# Problem statement:
Give again, unaltered, the line with "Slávnostné otvorenie stálej" and all lines that follow it in the listing below, minus any pictures.

# Excerpted records:
☆ ☆ ☆ ☆ ☆ ☆ ☆

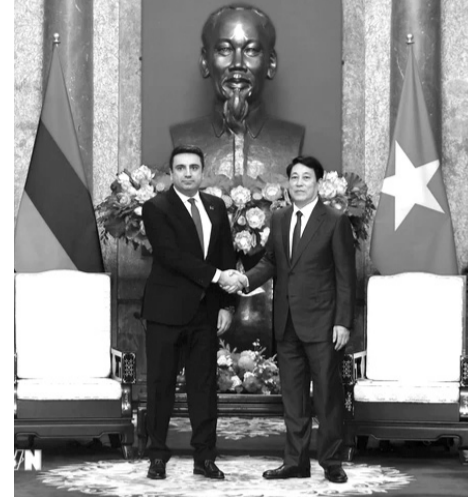
● Chủ tịch nước Lương Cường tiếp Chủ tịch Quốc hội Cộng hòa Armenia Alen Simonyan.

Thông báo về tình hình phát triển kinh tế - xã hội Việt Nam và đánh giá cao kết quả cuộc hội đàm giữa Chủ tịch QH Việt Nam Trần Thanh Mẫn và Chủ tịch QH Armenia, Chủ tịch nước mong muốn cơ quan lập pháp hai nước tiếp tục cùng
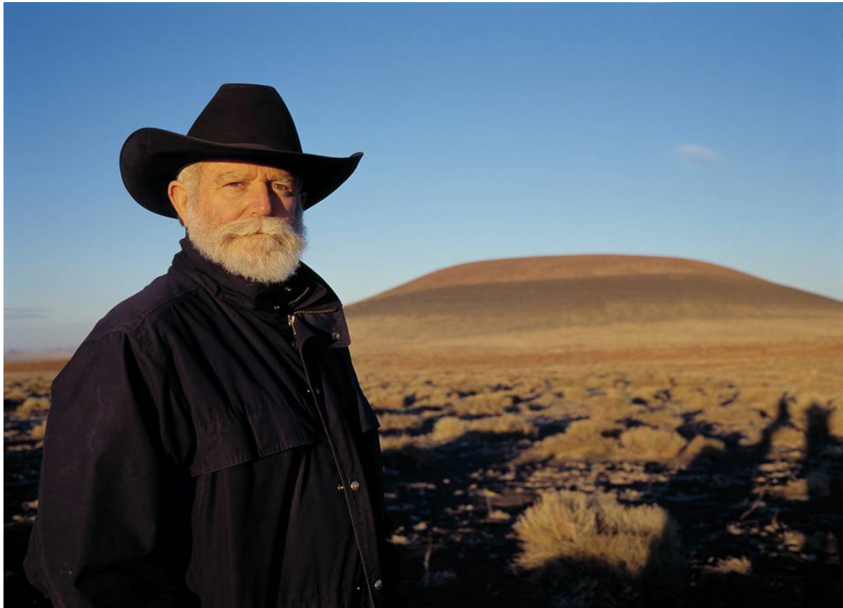
James Turrell devant son projet du Roden Crater, octobre 2001.
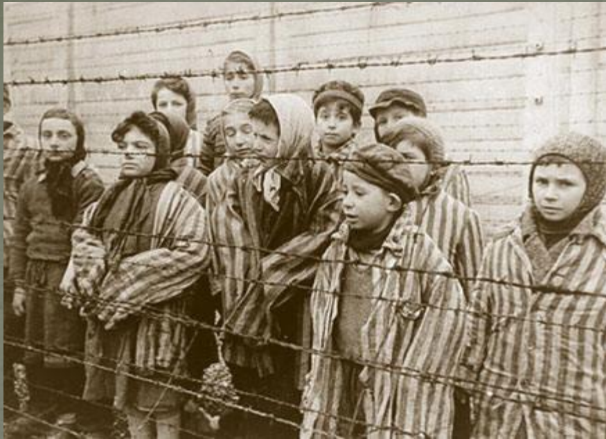
Il campo di Auschwitz
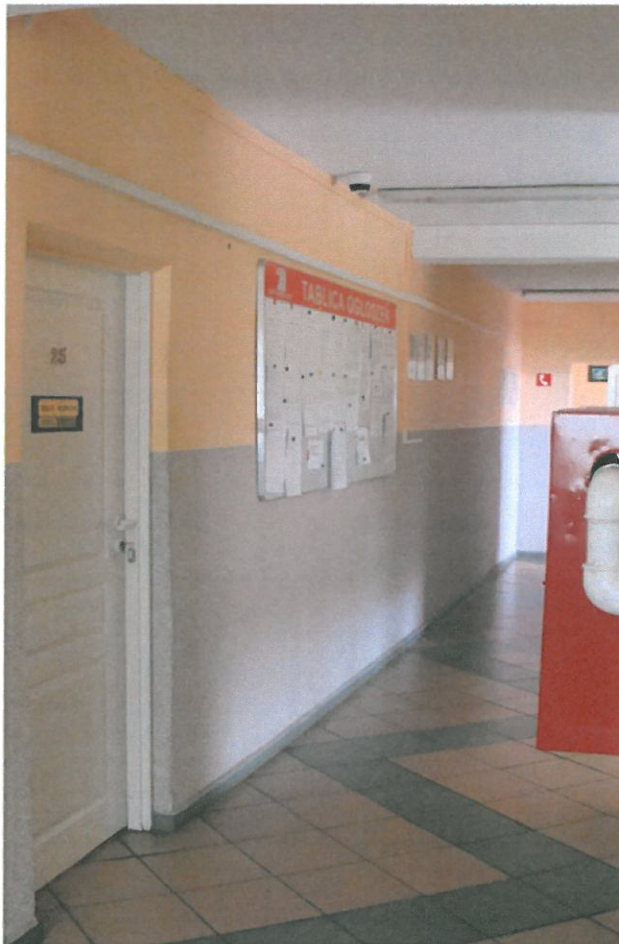
Fot.10. Widok korytarza
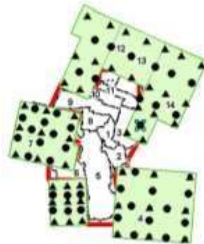
Gambar 5. Desain Premark yang digunakan dalam kegiatan foto udara Desa Girimulyo

Setelah jalur terbang dibuat, selanjutnya adalah membuat desain premark. Premark harus didesain sebelum melakukan akuisisi data foto. Jumlah Premark tiap bidang terdiri dari 9 Ground Control Point (GCP) dan 12 Independent Check Point (ICP). Oleh karena itu, pada setiap bidang, harus dipasang 21 premark yang kemudian diukur dengan menggunakan GNSS Geodetik. Desain Premark yang sudah dibuat dapat dilihat pada Gambar 5.
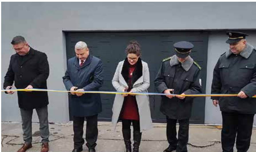
Slávnostné otvorenie stálej expozície historickej hasičskej techniky
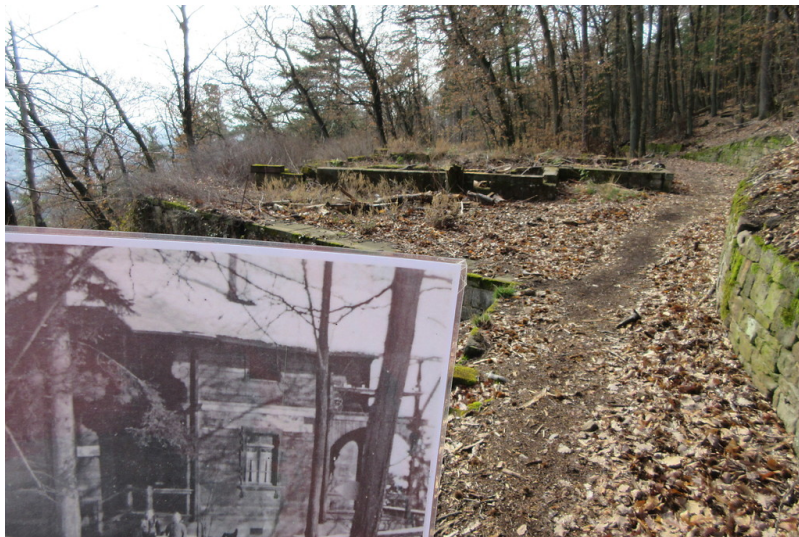
Schweizer Haus: Vergangenheit und Gegenwart
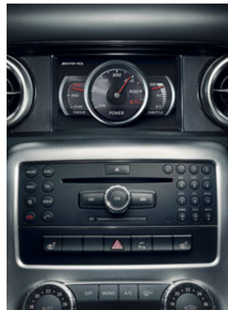
Option. AMG Performance Media, affichage du couple, de la puissance et de la position de l'accélérateur.

☆ ☆ ☆ ☆ ☆ ☆ ☆

# Solution for this exercise:
Slávnostné otvorenie stálej expozície historickej hasičskej techniky
Schweizer Haus: Vergangenheit und Gegenwart
Option. AMG Performance Media, affichage du couple, de la puissance et de la position de l'accélérateur.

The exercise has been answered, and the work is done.